The Credentials Page
The Credentials UI
The Credentials page is where you can manage credentials, bruteforce target hosts, or setup a workflow to reuse credentials against targets.
You can access the following sections from the Credentials dropdown:
Manage credentials
After navigating to “Credentials”, the manage screen is the first page you encounter. From here you can import credentials, add them manually, or remove them .

- Logins - The number of times the credentials were used to login successfully to a target.
- Public - The username that used to log in to a target.
- Private - The password that is used to authenticate to a target. It is usually a plaintext password, an SSH key, NTLM hash, or nonreplayable hash. Since the private key can be an SSH key or hash, the term ‘password’ is not broad enough to cover these private types.
- Type - The type of password. This can be a ssh key, NTLM hash, nonreplayable hash, or password.
- Realm - The functional grouping of database schemas to which the credential belongs. A realm type can be an Active Domain Directory, a Postgres database, a DB2 database, or an Oracle System Identifier (SID). A public, private, or credential pair can have a realm, but it is not mandatory. You can give each realm a custom name to identify it.
- Origin - Identifies how the credential was obtained or added to the project, such as through Bruteforce, manual entry, or an imported credentials list. An origin can be manual, import, session, service, or cracked password.
- Validation - Validates if the credentials were used to login successfully to a target.
- Tags - Organize hosts and data by using labels to group information.
- Clone - Makes a copy of the credential. When cloning, you can edit the information before saving.
Reuse credentials
The Credentials Reuse page allows you to reuse validated credentials against targets in brute force attacks by setting up workflows .
Targets
Add existing targets to the attack. The information is automatically populated from the hosts.

Credentials
Add existing credentials to be used against the target hosts. Credentials must be added from the Manage page.

Review
Review the settings and set brute force attack options.

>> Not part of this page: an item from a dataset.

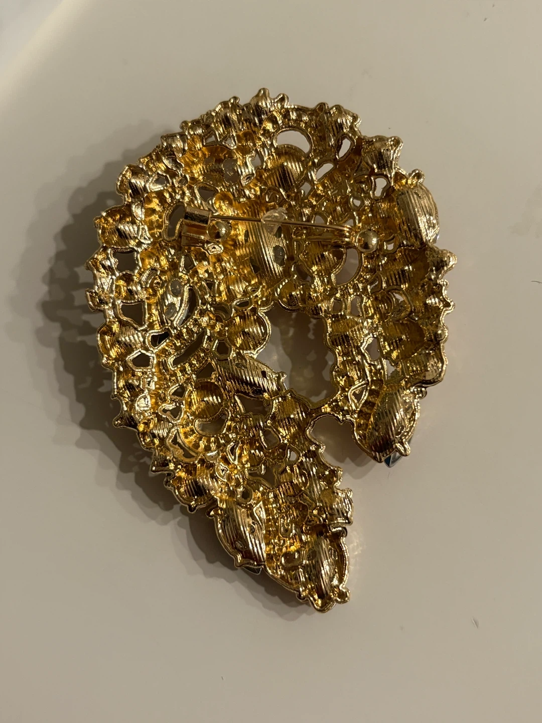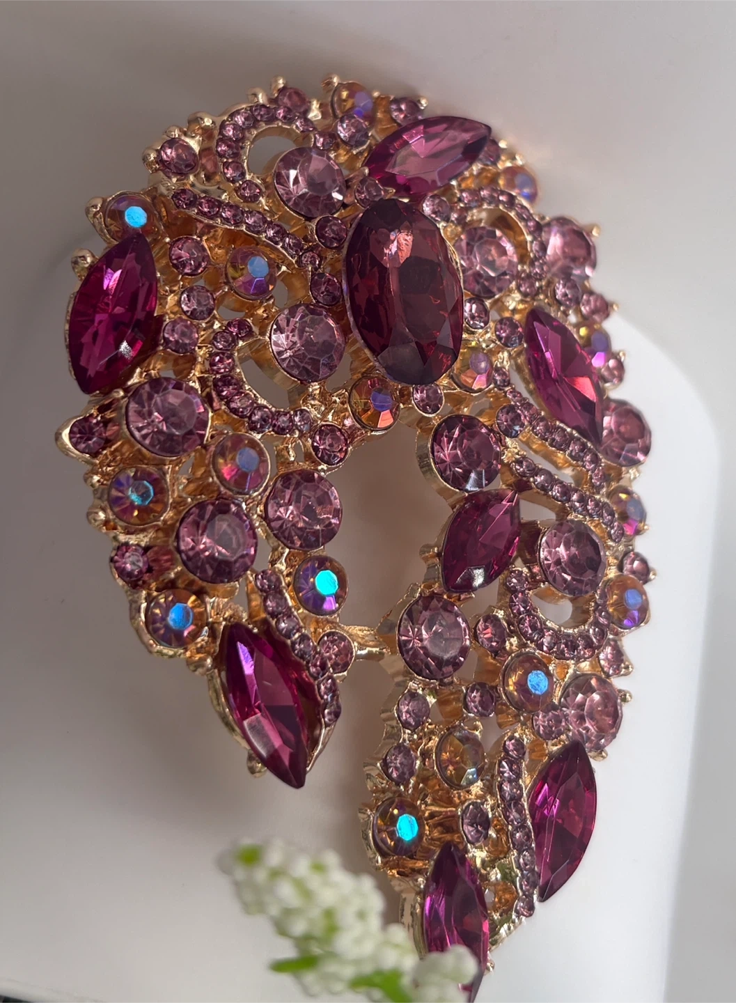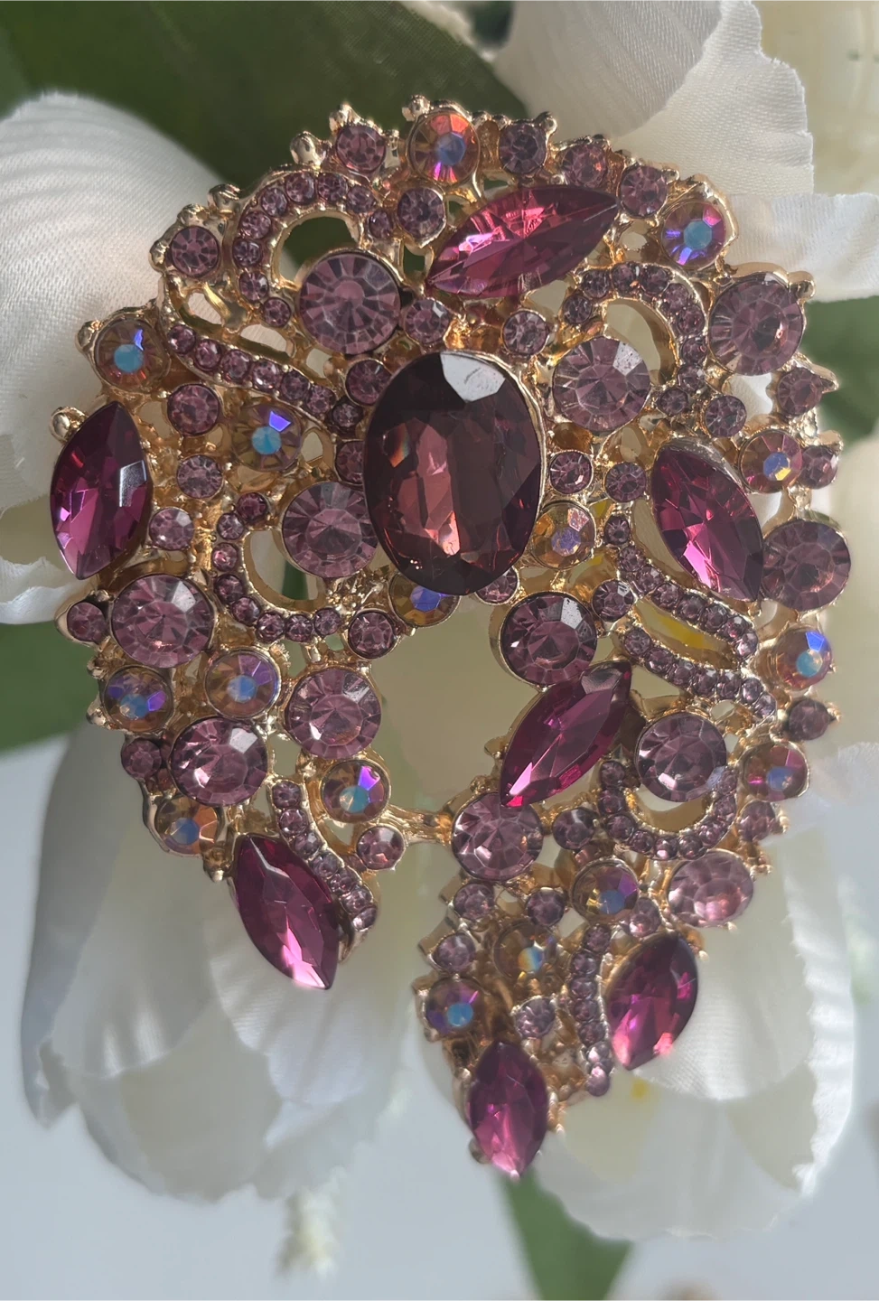 Beautiful gold-tone brooch embellished with various shades of pink and purple crystals. It features an intricate, ornate design with a mix of marquise and round-cut stones. This piece adds a touch of sparkle and elegance to any outfit!

- Service Timeout - Sets the timeout, in seconds, for each target.
- Overall Timeout - Sets the timeout for the entire Credentials Reuse task.
- Validate one credential per service - Limits the number of credentials that are validated for a service on a host to one. Once a credential has been validated for a service, Credentials Reuse will stop testing with other credentials.
Launch
Launch will start the brute force attack using the credentials and configured hosts.

- Login attempts - The total number of login attempts that were made.
- Validated targets - The total number of targets that were validated.
- Successful logins - The total number of logins that were successful. This number is derived from the number of validated credentials and validated targets.
Bruteforce credentials
The Bruteforce page allows you to choose targets and credentials to open a session on a target host.

Bruteforce is broken into three sections:
Bruteforce Targets
Targets is where you will set the target host address and the services the target is running to attack

Selected Hosts
- All hosts - Select if you want to target all hosts in the project.
- Enter target addresses - Enter the address of the target. You can enter them as:
- Single address (192.168.1.1)
- Range (192.168.1.1-192.168.1.100)
- CIDR notation (192.168.1.0/24)
- Wildcard (192.168.1.*)
Selected Services
You can select all services or pick the ones to target. At least one must be selected.
Bruteforce Credentials
Select the credentials to be used in the attack.

- Possible Combinations - This number will increase or decrease depending on the number of credentials being tested as you set options. The more combinations, the longer the attack will take.
- All credentials in this project - Any credentials saved in the project under Manage Credentials will be attempted.
- Attempt factory defaults - Default credentials are username and password pairs that are shipped with an operating system, database, or software.
- Add/Import credentials pairs - This option will open more configuration options.
- Credentials - Enter up to 100 username and password pairs
- Import credentials using a text file.
- Use <BLANK> as password - Generate a blank username for each password in the list. For example, if the password list contains a credential pair like ‘admin’/‘admin’, Bruteforce will also try admin/‘<BLANK>’.
- Use username as password - Check if you want to use a username as a password. For example, if the password list contains a credential pair like ‘user’/‘pass’, the bruteforce attack will also try ‘user’/‘user’.

Bruteforce Options
Set the configuration for a bruteforce attack.

- Overall Timeout - Set how long the attack will run before stopping for the whole attack.
- Service Timeout - Set how long the attack will run for each target before stopping.
- Time Between Attempts - Set the time between each attempted.
- Apply mutation(s) - Apply mutations rules to a password. Mutations can be used to create permutations of a password, which enables you to build a larger wordlist based on a small set of passwords
- Stop bruteforcing a target when a credential is guessed - Stop bruteforcing on a target once a credential is guessed. It does not stop the entire attack if there are more targets.
- Get session if possible - Enable if you want Bruteforce to attempt to obtain a session when there is a successful login attempt to MSSQL, MySQL, PostgreSQL, SMB, SSH, telnet, WinRM, and HTTP.